▶ What is needed:
Look in the material below for the line with "献立 加薬ごはん かきたま汁 ししゃものから揚げ 白菜のおかか和え 牛乳" and the line with "Chemise à Manches", then set down exactly those two lines and all lines between, nothing more.

▶ Materials provided:
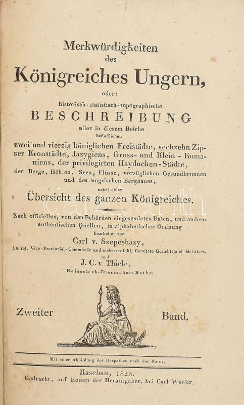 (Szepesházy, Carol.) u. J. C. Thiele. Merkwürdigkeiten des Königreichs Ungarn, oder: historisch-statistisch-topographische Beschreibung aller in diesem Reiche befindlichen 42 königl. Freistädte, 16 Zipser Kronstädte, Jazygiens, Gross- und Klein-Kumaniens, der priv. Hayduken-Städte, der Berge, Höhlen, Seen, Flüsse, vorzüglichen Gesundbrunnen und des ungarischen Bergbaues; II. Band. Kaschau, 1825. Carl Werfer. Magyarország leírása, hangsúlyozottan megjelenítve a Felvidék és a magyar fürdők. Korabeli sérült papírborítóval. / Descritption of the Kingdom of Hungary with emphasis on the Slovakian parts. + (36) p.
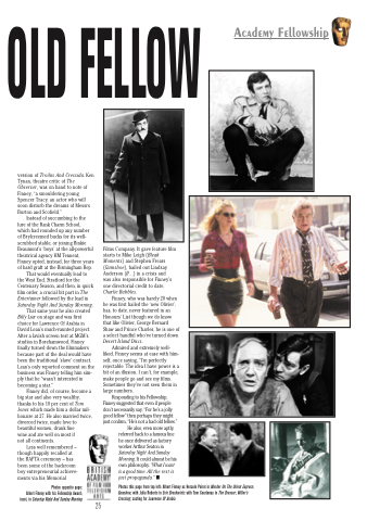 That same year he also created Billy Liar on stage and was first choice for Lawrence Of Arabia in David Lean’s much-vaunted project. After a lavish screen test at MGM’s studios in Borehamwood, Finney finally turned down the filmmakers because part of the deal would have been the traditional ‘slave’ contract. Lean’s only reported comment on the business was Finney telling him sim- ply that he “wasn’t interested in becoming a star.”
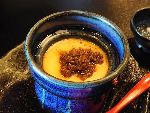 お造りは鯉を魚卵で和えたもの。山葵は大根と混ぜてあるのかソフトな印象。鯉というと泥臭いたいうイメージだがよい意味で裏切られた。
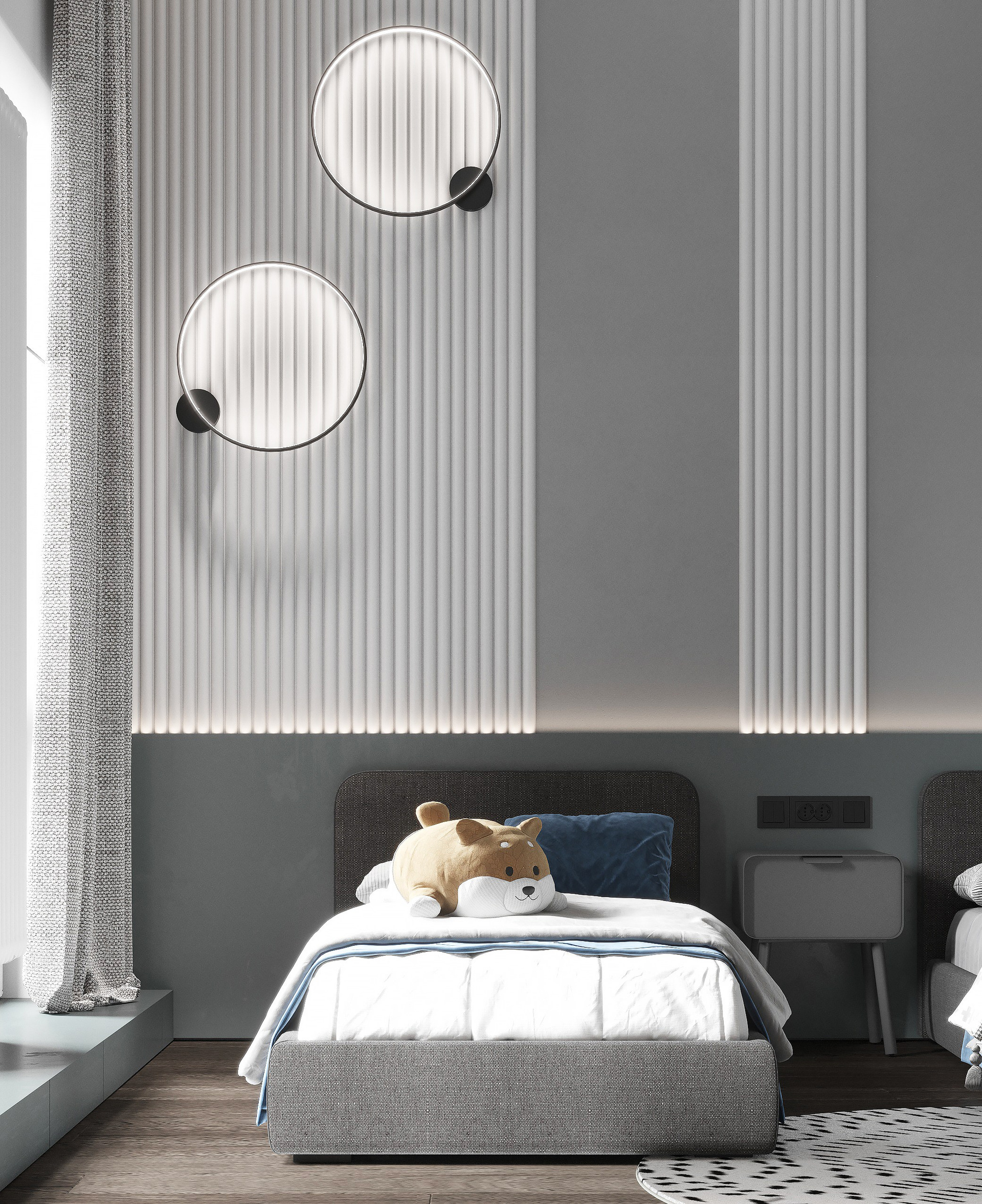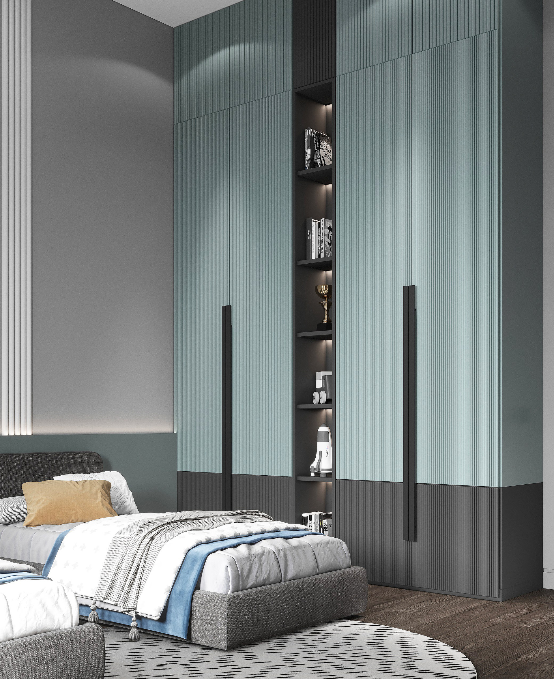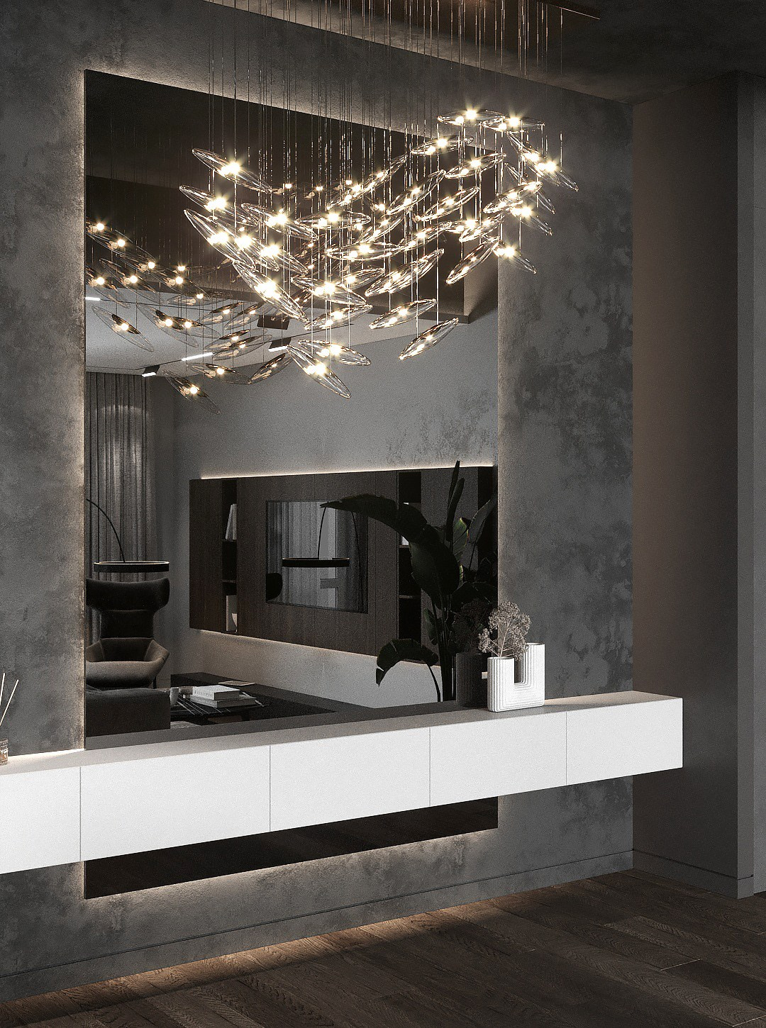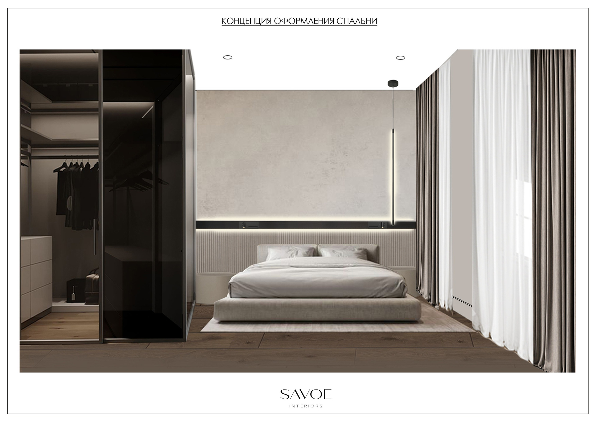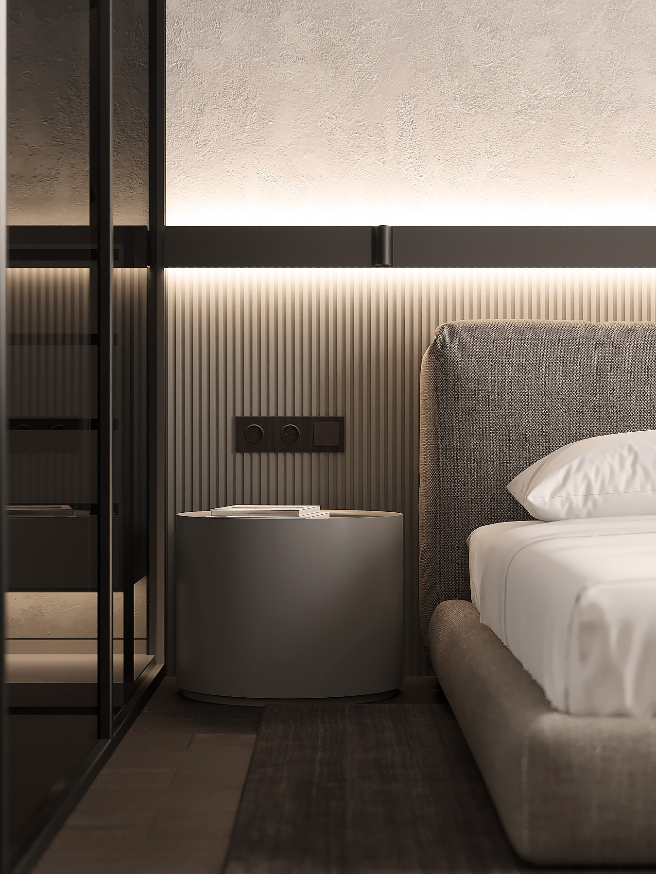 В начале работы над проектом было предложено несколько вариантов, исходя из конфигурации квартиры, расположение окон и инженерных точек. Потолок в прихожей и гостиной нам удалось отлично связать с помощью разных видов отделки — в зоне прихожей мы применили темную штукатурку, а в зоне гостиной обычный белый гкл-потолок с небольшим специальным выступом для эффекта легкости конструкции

==

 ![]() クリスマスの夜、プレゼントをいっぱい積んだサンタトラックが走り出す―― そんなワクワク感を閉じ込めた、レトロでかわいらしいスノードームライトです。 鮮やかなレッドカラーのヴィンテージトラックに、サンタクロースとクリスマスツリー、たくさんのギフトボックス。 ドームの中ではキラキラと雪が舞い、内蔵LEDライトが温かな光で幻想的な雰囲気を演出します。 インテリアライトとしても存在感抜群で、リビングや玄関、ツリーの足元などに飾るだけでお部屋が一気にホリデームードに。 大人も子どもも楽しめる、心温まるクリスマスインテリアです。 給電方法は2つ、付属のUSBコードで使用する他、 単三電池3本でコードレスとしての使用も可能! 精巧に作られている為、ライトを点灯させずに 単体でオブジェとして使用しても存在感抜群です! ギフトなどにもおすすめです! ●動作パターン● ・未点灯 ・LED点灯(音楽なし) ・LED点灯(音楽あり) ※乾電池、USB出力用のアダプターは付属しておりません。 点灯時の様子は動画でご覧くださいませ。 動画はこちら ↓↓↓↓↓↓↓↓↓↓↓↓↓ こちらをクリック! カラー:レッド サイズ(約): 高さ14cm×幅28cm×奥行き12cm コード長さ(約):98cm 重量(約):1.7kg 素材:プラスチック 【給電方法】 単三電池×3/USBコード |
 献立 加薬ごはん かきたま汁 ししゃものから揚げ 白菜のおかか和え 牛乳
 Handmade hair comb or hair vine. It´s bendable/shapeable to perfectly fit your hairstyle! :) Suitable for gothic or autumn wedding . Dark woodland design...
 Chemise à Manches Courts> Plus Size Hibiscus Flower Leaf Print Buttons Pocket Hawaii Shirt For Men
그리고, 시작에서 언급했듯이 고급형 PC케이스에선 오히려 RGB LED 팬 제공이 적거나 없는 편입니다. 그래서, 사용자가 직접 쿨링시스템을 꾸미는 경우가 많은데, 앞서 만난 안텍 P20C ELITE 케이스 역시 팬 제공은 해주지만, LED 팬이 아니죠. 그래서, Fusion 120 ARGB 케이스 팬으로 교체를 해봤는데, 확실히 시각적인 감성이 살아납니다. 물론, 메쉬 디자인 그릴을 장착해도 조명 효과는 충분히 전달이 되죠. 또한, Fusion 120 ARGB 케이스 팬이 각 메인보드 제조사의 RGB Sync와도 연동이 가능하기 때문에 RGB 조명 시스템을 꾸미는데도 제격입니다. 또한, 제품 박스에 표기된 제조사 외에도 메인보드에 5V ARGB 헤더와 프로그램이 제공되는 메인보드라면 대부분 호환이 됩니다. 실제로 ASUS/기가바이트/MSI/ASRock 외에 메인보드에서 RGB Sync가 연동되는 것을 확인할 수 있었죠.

▶ Task output:
 献立 加薬ごはん かきたま汁 ししゃものから揚げ 白菜のおかか和え 牛乳
 Handmade hair comb or hair vine. It´s bendable/shapeable to perfectly fit your hairstyle! :) Suitable for gothic or autumn wedding . Dark woodland design...
 Chemise à Manches Courts> Plus Size Hibiscus Flower Leaf Print Buttons Pocket Hawaii Shirt For Men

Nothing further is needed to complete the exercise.